Objective: Describe the process of enacting and defending strong tobacco packaging and labelling regulations in Uruguay amid Philip Morris International's (PMI) legal threats and challenges.
Methods: Triangulated government legislation, news sources and interviews with policy-makers and health advocates in Uruguay.
Results: In 2008 and 2009, the Uruguayan government enacted at the time the world's largest pictorial health warning labels (80% of front and back of package) and prohibited different packaging or presentations for cigarettes sold under a given brand. PMI threatened to sue Uruguay in international courts if these policies were implemented. The Vazquez administration maintained the regulations, but a week prior to President Vazquez's successor, President Mujica, took office on 1 March 2010 PMI announced its intention to file an investment arbitration dispute against Uruguay in the International Centre for the Settlement of Investment Disputes. Initially, the Mujica administration announced it would weaken the regulations to avoid litigation. In response, local public health groups in Uruguay enlisted former President Vazquez and international health groups and served as brokers to develop a collaboration with the Mujica administration to defend the regulations.

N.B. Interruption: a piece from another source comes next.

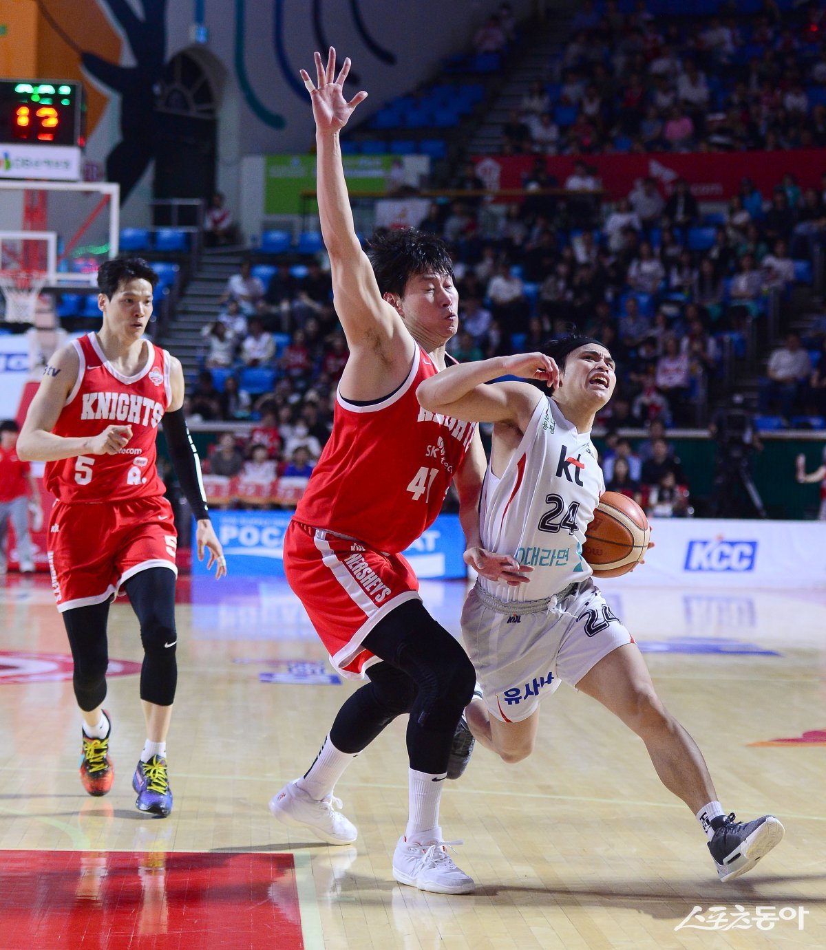 23일 서울 잠실학생체육관에서 열린 ‘2024-2025 프로농구’ 4강 플레이오프 1차전 SK와 KT 경기에서 KT 카룰랑안이 SK의 수비를 뚫고 골밑을 공격하고 있다. 잠실|김종원 기자 won@donga.com

This united front between the Uruguayan government and the transnational tobacco control network paid off when Uruguay defeated PMI's investment dispute in July 2016.
Conclusion: To replicate Uruguay's success, other countries need to recognise that strong political support, an actively engaged local civil society and financial and technical support are important factors in overcoming tobacco industry's legal threats to defend strong public health regulations.
Keywords: Advocacy; Litigation; Low/Middle income country; Packaging and Labelling; Tobacco industry.